Вы про ту вонючую улочку близь Мор-фильдса?

Пишите так: Блек-степ-лен. А после закончите следующим манером: все настоящее нижайше представлено покорнейшим слугой вашим, ожидающим распоряжений. Остаюсь Николас Дайер, младший Инспектор конторы по работам Ея Величества, Скотленд-ярд.

Когда же перепишете набело, Вальтер, запирайте чернила, сумасброд Вы эдакой. Тут я положил руку на его шею, от чего он вздрогнул и поглядел на меня искоса. Не будет Вам сегодня ни веселых домов с музыкой, ни танцев, говорю в шутку; а в придачу подумал про себя: нет, да и вряд ли им быть, коли пойдешь по моим стопам. Время уж близилось к восьми часам, и туман закрывал Луну, да так, что сам двор сделался залит красным, даже мне становилось не по себе, когда я на него выглядывал; да и то, говоря по чести, в душе у меня теснилось такое множество опасений, что хоть наземь от них вались. Однакожь я взял свой суконный плащ, что висел на колышке в передней, и кликнул Вальтера: поторопливайтесь с письмом, ибо, как сказано в проповеди, бытие наше в мире сем есть зыбко до крайности. А он в ответ мне засмеялся гавкающим своим смехом.
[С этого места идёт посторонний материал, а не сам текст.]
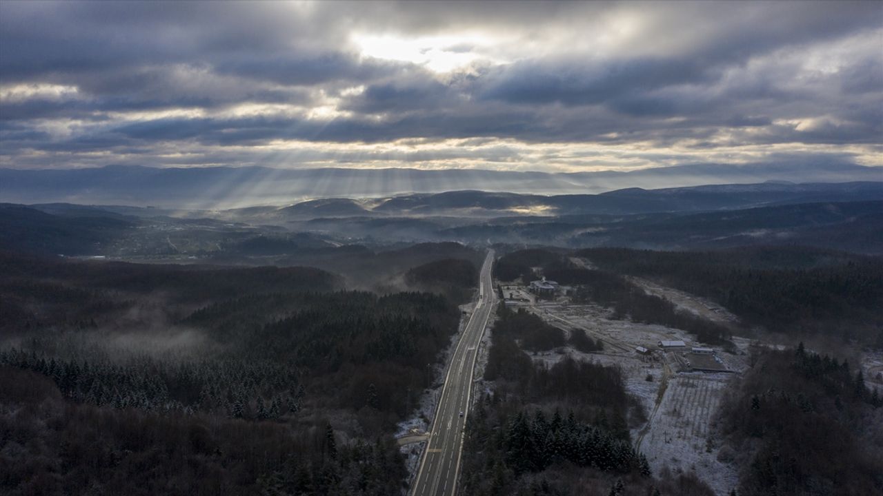 BOLU/DÜZCE/KARABÜK (AA) - Bolu, Düzce ve Karabük'ün yüksek kesimlerinde etkisini sürdüren kar yağışıyla beyaza bürünen doğa havadan kayda alındı.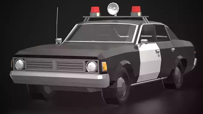 Stylized low-poly retro police car inspired by the design of cars from the 70s, with real-world proportions, and fully modeled interiors.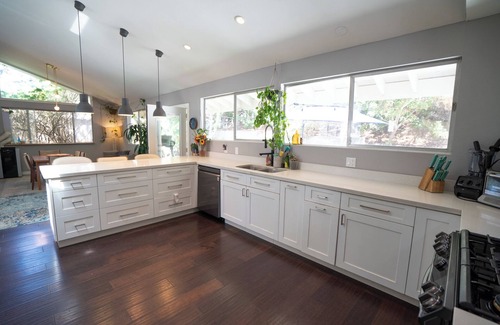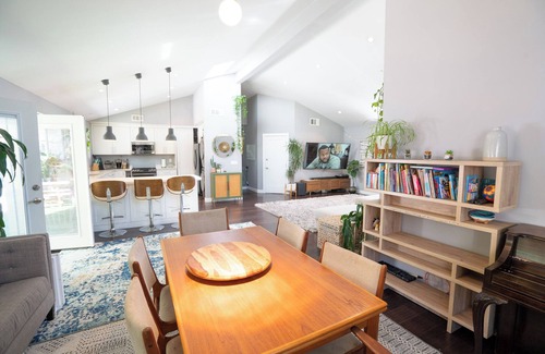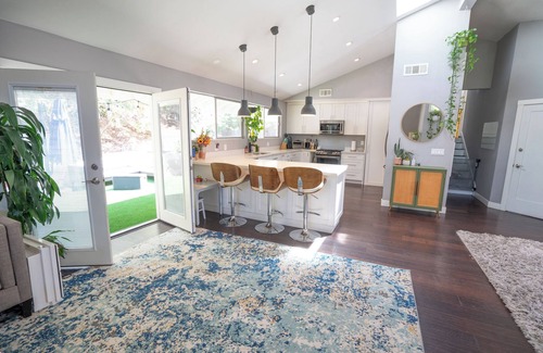19 5 Star Reviews on Airbnb. Discount for monthly & weekly stays. 6 minutes to La Jolla beaches. Large backyard in nature with hot tub, Sauna, ping pong, west elm couch & outdoor dining table. Spacious open floor plan to entertain downstairs & 3 bedrooms 2 bathrooms upstairs. 3rd bedroom has a Murphy bed if you prefer a bedroom and/or office. All rooms have smart TVs. Plenty of parking, quiet & very safe neighborhood. Great for families. Stays that are 31+ days don't pay tax. Read more for details :)

Вышедши на Вайтгалл, я тотчас крикнул извощика. Остановилась карета старинного виду с окнами не стеклянными, но жестяными, проткнутыми, словно решето, чтобы воздуху возможно было проникать через дыры; я прижался к ним глазами, дабы видеть город, едучи через него, и он был от того весь разбит на кусочки: инде собака воет, инде ребенок бежит. Однакожь освещение и шум были мне приятны, так что я воображал себя грозным владыкою собственных своих земель. Церкви мои останутся стоять, размышлял я, едучи по дороге; что построил уголь, то не погребет пепел. Довольно жил я ради других, словно белка в колесе, теперь пришла пора начинать ради себя самого. Изменить сию вещь, именуемую Временем, я не могу, однако могу переменить его стать, и, подобно тому, как мальчишки повертывают зеркало супротив Солнца, так же и я вас всех ослеплю. Так и катили вперед мои мысли, громыхаючи, подобно карете, их везшей, каретою же тою было мое бедное тело.
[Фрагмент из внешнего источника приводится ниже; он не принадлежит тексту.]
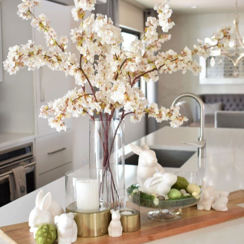 گلهای طبیعی یکی از مهمترین نمادهای بهار است. استفاده از گلدان های شیشه ای شفاف ، تزئین شده با گلهای فصلی فصلی مانند لاله ها ، هاش ها ، گل دافودیل ها و گل های گیلاس ، به میز شما طراوت و انرژی باشکوهی می بخشد.

Столпотворенье карет было столь велико, что, когда мы добрались до Фенчерч-стрита, пришлось мне сойти на Биллитер-лене и шагать пешком в толчее вдоль Леденгалл-стрита; под конец мне удалось проскочить в пустое место промеж двумя каретами и перейти через улицу, что вела к Грас-черч-стриту. Я вошел в Лайм-стрит, ибо теперь дорога была мне знакома, миновал множество улиц и поворотов, покуда не добрался до Мор-фильдса; за сим, тотчас за аптекою с козлом на вывеске, обнаружил я узкую дорожку, темную, словно погребальный склеп, вонявшую тухлою рыбою и выгребною ямою. Была там дверь, а на ней знак, и я тихонько постучал. Пришла пора сочесться — пускай увидят, на какие прекрасныя дела я способен.

Ибо, оборачиваясь на годы, которые прожил, сбирая их в памяти своей, я вижу, что за пестрым творением Натуры была моя жизнь. Вздумай я нынче записать свою собственную историю с ея небывалыми страданиями и удивительными приключениями (как сочинили бы книгопродавцы), не сомневаюсь, что многие жители мира сего не поверили бы событиям, там описанным, по причине их необыкновенности, однако ничего с их недоверием поделать я не могу; а коли читатель решит, что пред ним всего лишь темныя причуды, то пускай сам подумает о том, что жизнь человеческая проходит отнюдь не на свету и что все мы суть порожденья Тьмы.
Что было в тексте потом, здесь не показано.